(Beginning of Working data)

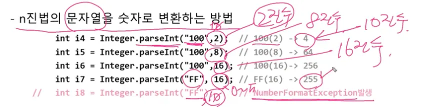int i = Integer.parseInt(”100”); //올드한 옛날 방법
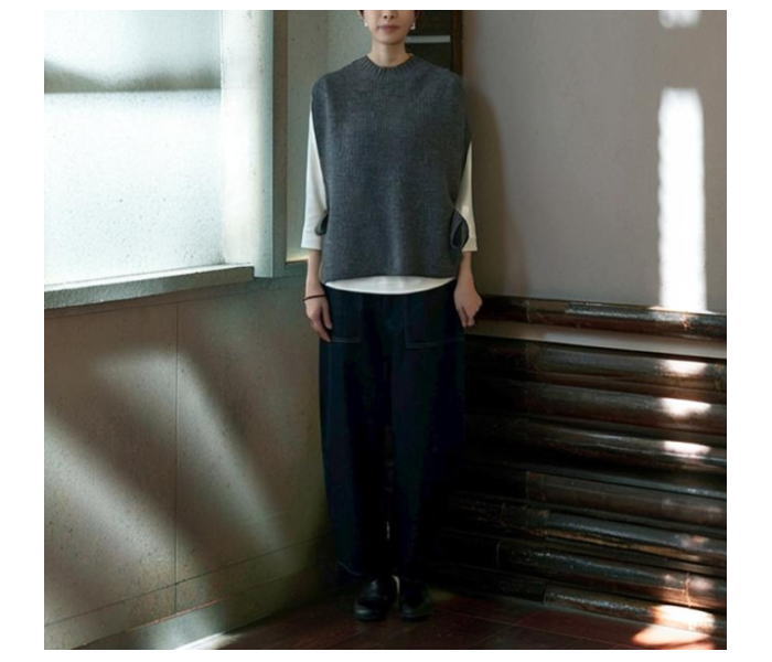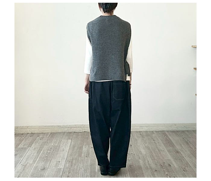 ラムウールを使用した、ざっくりとした編地のやわらかベストです。身頃と
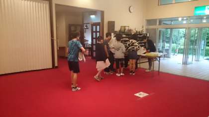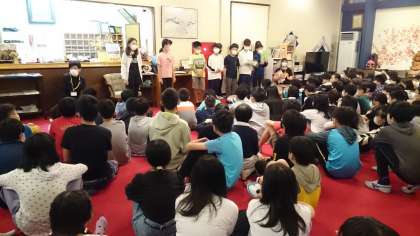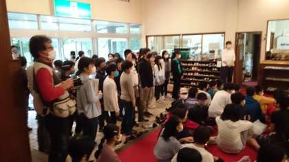 外は雨なので、梅屋敷のロビーで朝会をしました。1組と5組も梅屋敷に集合しました。
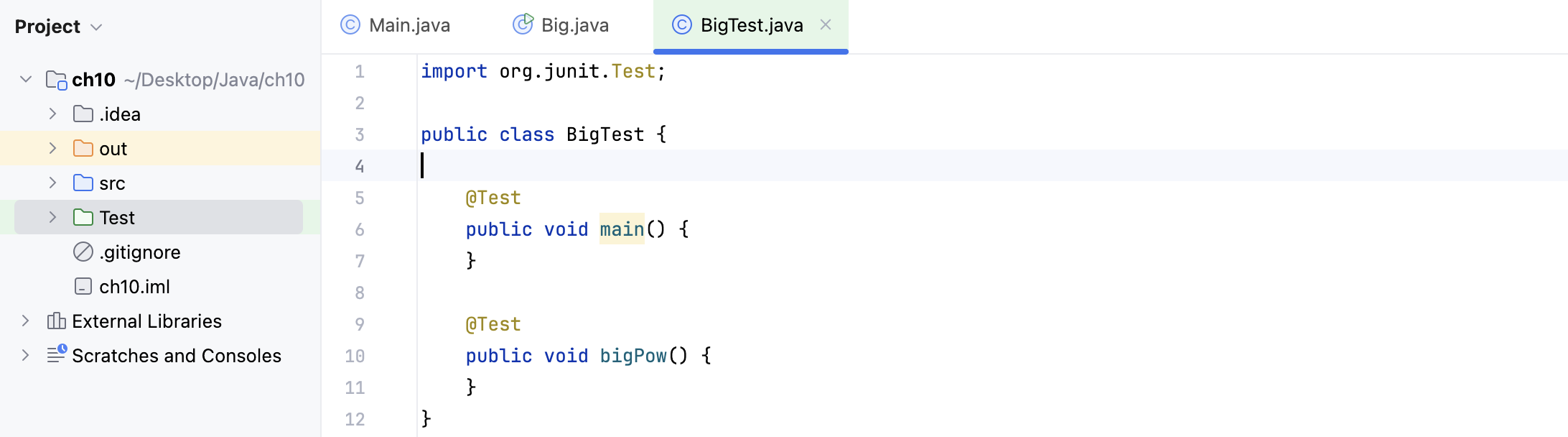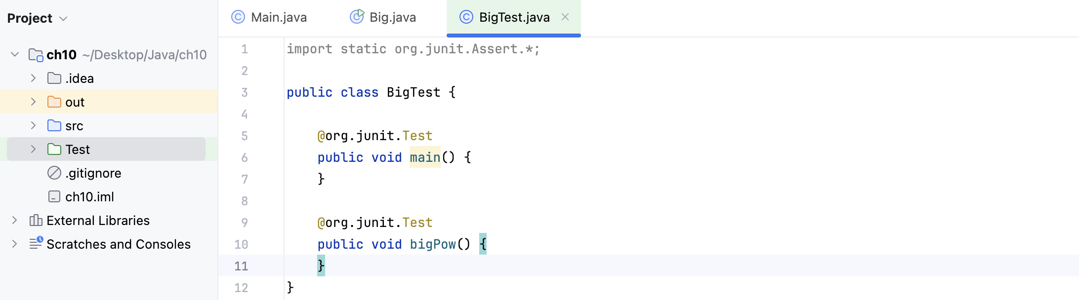 在 project 下新建 Test 文件夹,标记该文件夹: Mark Directory as > Test Sources Root
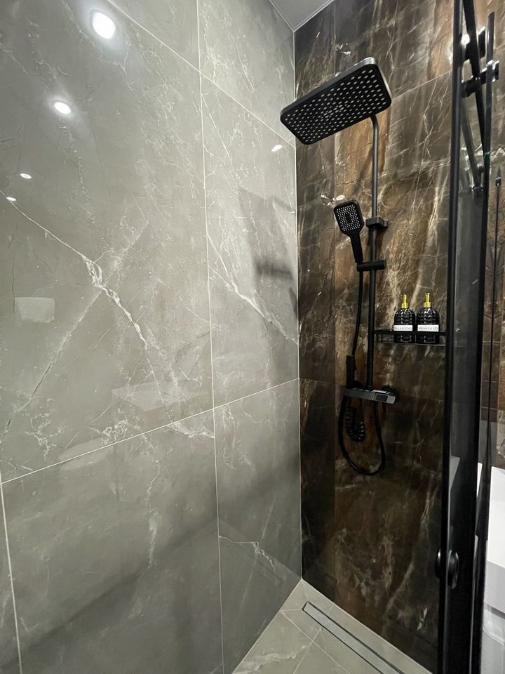 Ванная комната: душевая кабина с тропическим душем и 4-мя видами леек, стиральная машинка с гелем для стирки, большой водонагреватель; фен, полный комплект полотенец (банное, для рук, для ног), необходимые жидкости (крем-мыло для рук, гель для душа, шампунь).
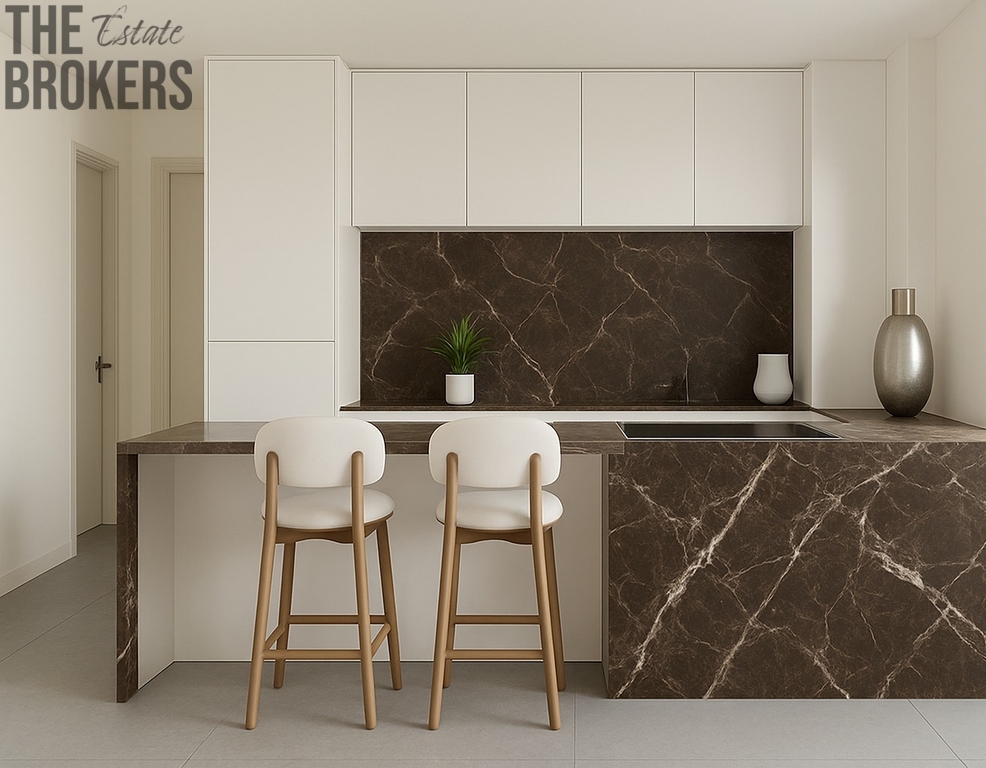 Moderní apartmány disponují 2 ložnicemi a 2 koupelnami, terasou a komunitním bazénem.
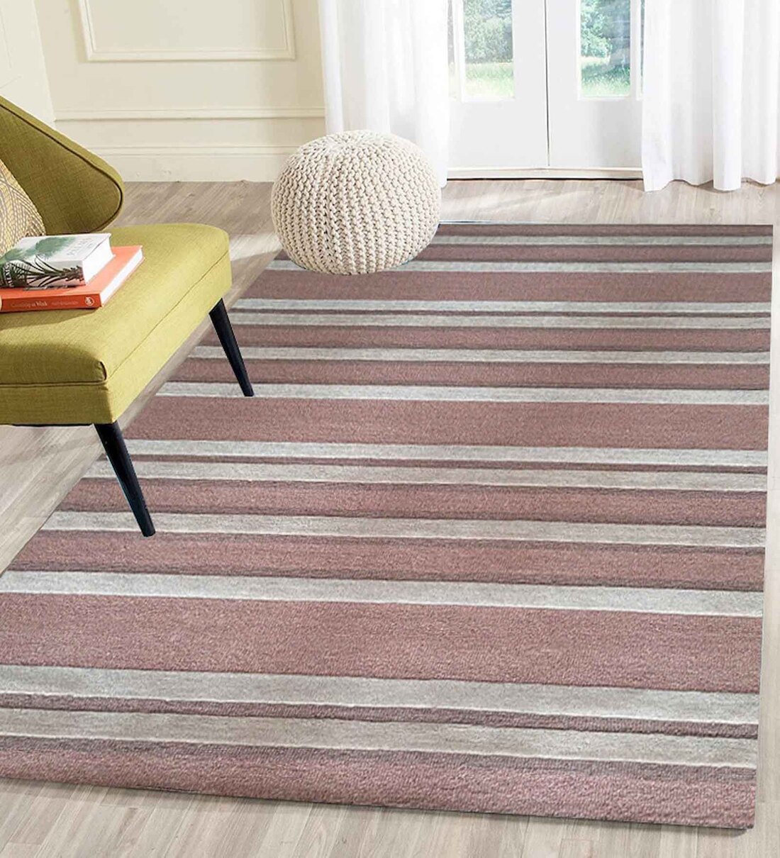 Pink Stripes Wool 5 ft x 7 ft Hand Tufted Carpet
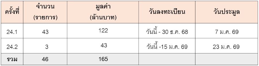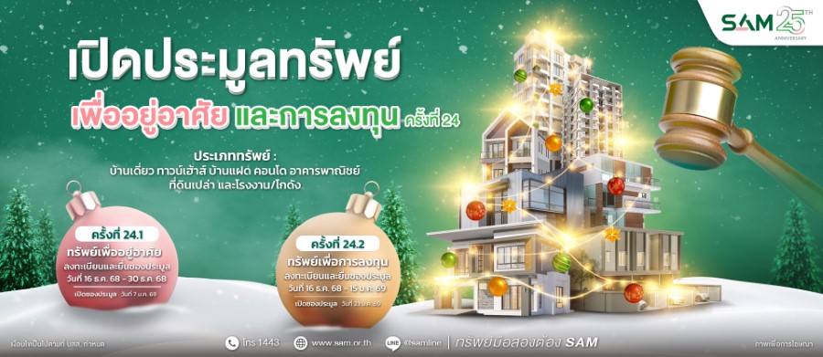 ทั้งนี้ ผู้สนใจเข้าร่วมประมูลสามารถลงทะเบียนและยื่นซองประมูล พร้อมเอกสารประกอบการประมูลที่กำหนด โดยทรัพย์เพื่อที่อยู่อาศัยและเพื่อการลงทุน ราคาไม่เกิน 20 ลบ. (ครั้งที่ 24.1/2568) ภายในวันที่ 30 ธ.ค. 2568 และกำหนดเปิดซองประมูลวันที่ 7 ม.ค. 2569 ส่วนทรัพย์ที่มีราคาสูงกว่า 20 ลบ. (ครั้งที่ 24.2/2568) ภายในวันที่ 15 ม.ค. 2569 และกำหนดเปิดซองประมูลวันที่ 23 ม.ค. 2569 เวลา 10.00 น. เป็นต้นไป ที่สำนักงานใหญ่ SAM อาคารซันทาวเวอร์ส ถ.วิภาวดีรังสิต กรุงเทพฯ
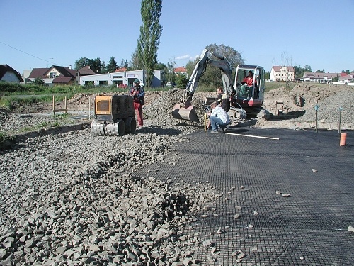 Dvouosá monolitická geomříž Tensar SS20 75x4,00m v celkové výměře zhruba 1250 m2
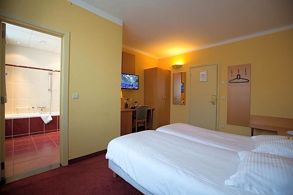 The spacious double room features air conditioning, soundproof walls, as well as a private bathroom boasting a bath and a shower. The double room has carpeted floors, a seating area with a flat-screen TV with satellite channels, a coffee machine, a wardrobe, as well as a safe deposit box. The unit has 1 bed.
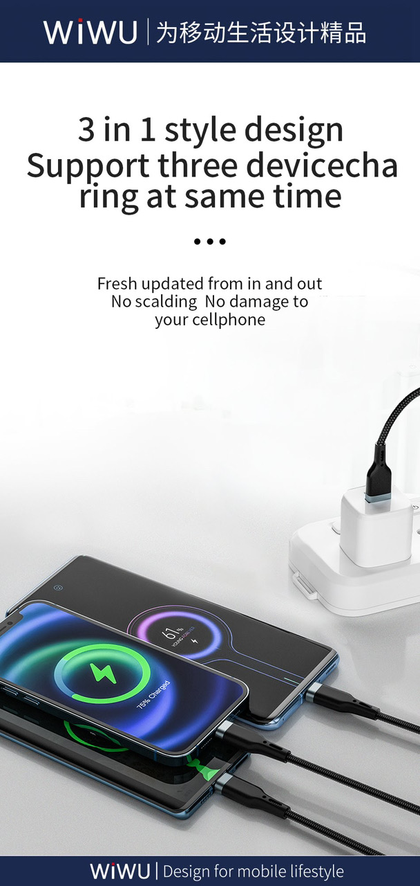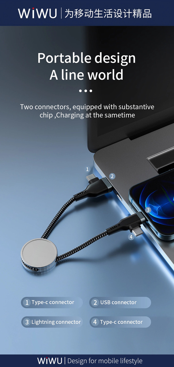 Cáp sạc nhanh đa năng WIWU PT06 4 in 1 USB to USB-C / Type-C to Type-C / USB C to Lightning / USB ligntning + 8 Pin Platinum Data Cable 20W PD.

(End of Working data)

▶ [Problem statement]: In the listing above, find the line with "Ванная комната: душевая" and output it and every line after it up to and including the line with "Pink Stripes Wool", exactly, minus the pictures.

▶ [Your solution]:
 Ванная комната: душевая кабина с тропическим душем и 4-мя видами леек, стиральная машинка с гелем для стирки, большой водонагреватель; фен, полный комплект полотенец (банное, для рук, для ног), необходимые жидкости (крем-мыло для рук, гель для душа, шампунь).
 Moderní apartmány disponují 2 ložnicemi a 2 koupelnami, terasou a komunitním bazénem.
 Pink Stripes Wool 5 ft x 7 ft Hand Tufted Carpet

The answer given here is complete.